- **Given information**:
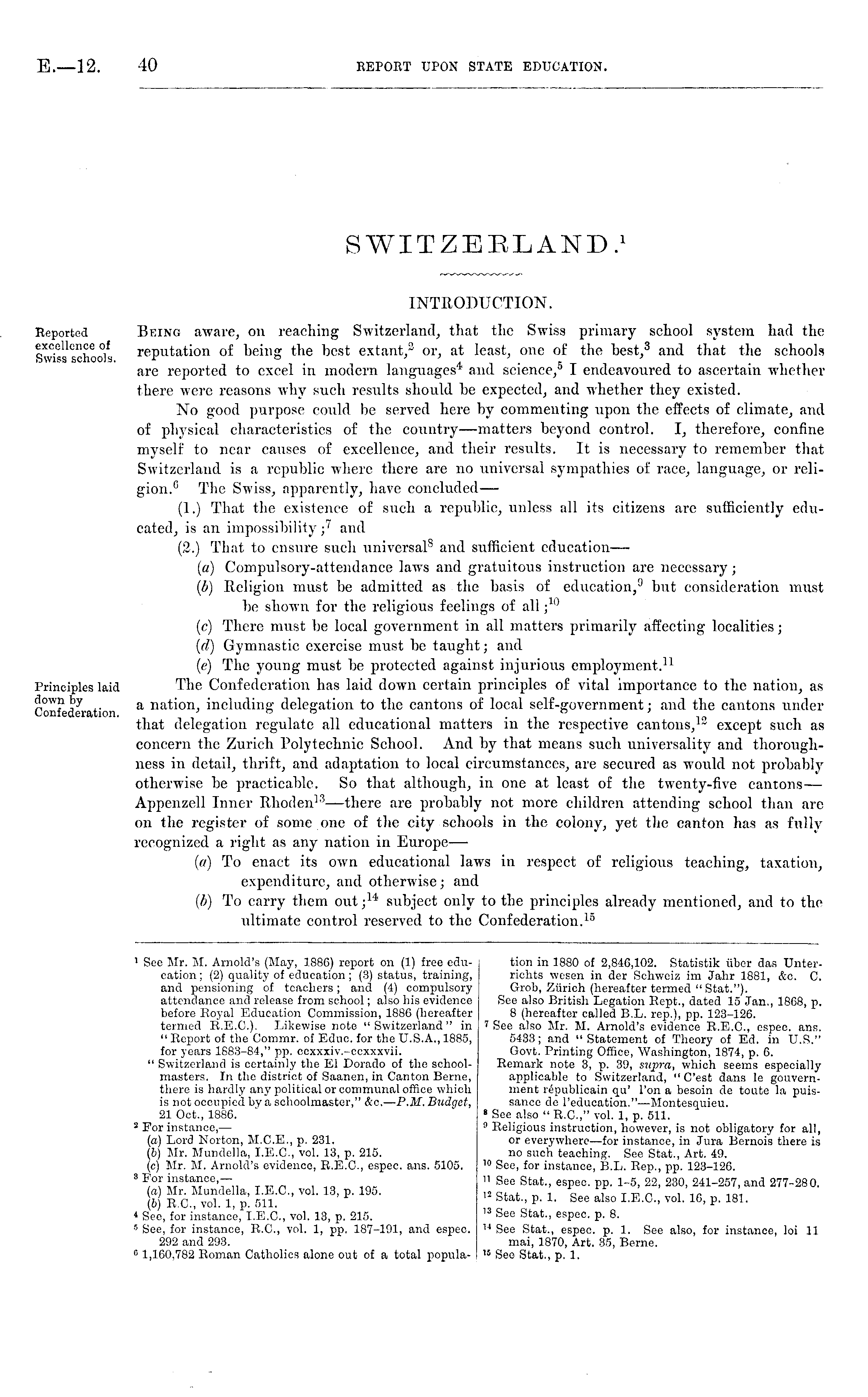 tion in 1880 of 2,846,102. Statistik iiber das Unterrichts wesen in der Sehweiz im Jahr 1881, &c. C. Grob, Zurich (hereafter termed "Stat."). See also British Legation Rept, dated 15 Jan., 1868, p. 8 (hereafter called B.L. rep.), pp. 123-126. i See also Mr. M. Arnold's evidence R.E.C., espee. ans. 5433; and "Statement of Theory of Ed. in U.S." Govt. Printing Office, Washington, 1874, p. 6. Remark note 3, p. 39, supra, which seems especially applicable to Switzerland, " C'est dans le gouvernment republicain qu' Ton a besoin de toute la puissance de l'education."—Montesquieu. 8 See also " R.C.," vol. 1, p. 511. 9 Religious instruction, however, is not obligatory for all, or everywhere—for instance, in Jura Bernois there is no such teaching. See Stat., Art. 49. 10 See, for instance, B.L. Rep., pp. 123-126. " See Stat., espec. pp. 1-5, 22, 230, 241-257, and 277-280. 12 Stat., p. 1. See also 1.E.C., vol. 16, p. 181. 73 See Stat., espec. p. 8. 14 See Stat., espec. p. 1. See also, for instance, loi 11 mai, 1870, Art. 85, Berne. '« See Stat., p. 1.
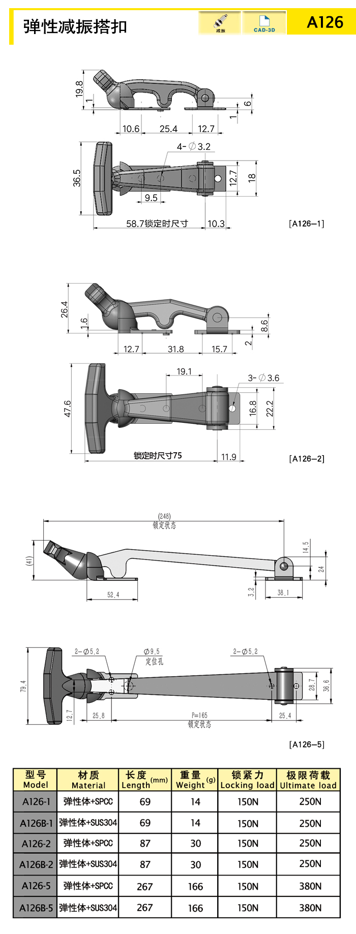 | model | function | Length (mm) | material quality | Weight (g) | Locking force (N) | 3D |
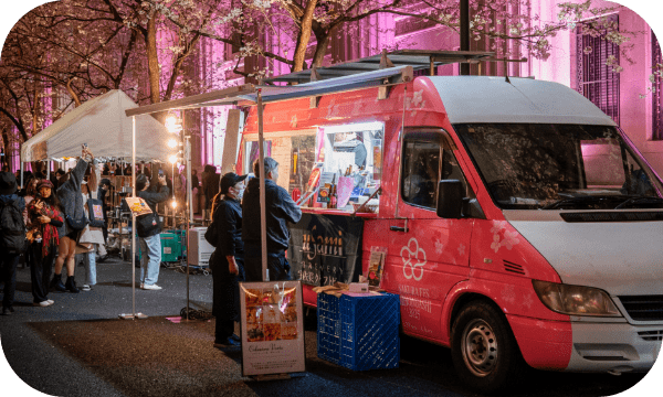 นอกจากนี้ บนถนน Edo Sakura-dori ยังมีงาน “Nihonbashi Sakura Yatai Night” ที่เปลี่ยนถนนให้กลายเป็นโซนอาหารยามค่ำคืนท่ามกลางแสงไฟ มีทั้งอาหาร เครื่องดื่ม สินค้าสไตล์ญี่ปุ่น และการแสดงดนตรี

- **Activity**:
Would you restate the listing word for word and leave every picture out?

- **Exercise solution**:
 tion in 1880 of 2,846,102. Statistik iiber das Unterrichts wesen in der Sehweiz im Jahr 1881, &c. C. Grob, Zurich (hereafter termed "Stat."). See also British Legation Rept, dated 15 Jan., 1868, p. 8 (hereafter called B.L. rep.), pp. 123-126. i See also Mr. M. Arnold's evidence R.E.C., espee. ans. 5433; and "Statement of Theory of Ed. in U.S." Govt. Printing Office, Washington, 1874, p. 6. Remark note 3, p. 39, supra, which seems especially applicable to Switzerland, " C'est dans le gouvernment republicain qu' Ton a besoin de toute la puissance de l'education."—Montesquieu. 8 See also " R.C.," vol. 1, p. 511. 9 Religious instruction, however, is not obligatory for all, or everywhere—for instance, in Jura Bernois there is no such teaching. See Stat., Art. 49. 10 See, for instance, B.L. Rep., pp. 123-126. " See Stat., espec. pp. 1-5, 22, 230, 241-257, and 277-280. 12 Stat., p. 1. See also 1.E.C., vol. 16, p. 181. 73 See Stat., espec. p. 8. 14 See Stat., espec. p. 1. See also, for instance, loi 11 mai, 1870, Art. 85, Berne. '« See Stat., p. 1.
 | model | function | Length (mm) | material quality | Weight (g) | Locking force (N) | 3D |
 นอกจากนี้ บนถนน Edo Sakura-dori ยังมีงาน “Nihonbashi Sakura Yatai Night” ที่เปลี่ยนถนนให้กลายเป็นโซนอาหารยามค่ำคืนท่ามกลางแสงไฟ มีทั้งอาหาร เครื่องดื่ม สินค้าสไตล์ญี่ปุ่น และการแสดงดนตรี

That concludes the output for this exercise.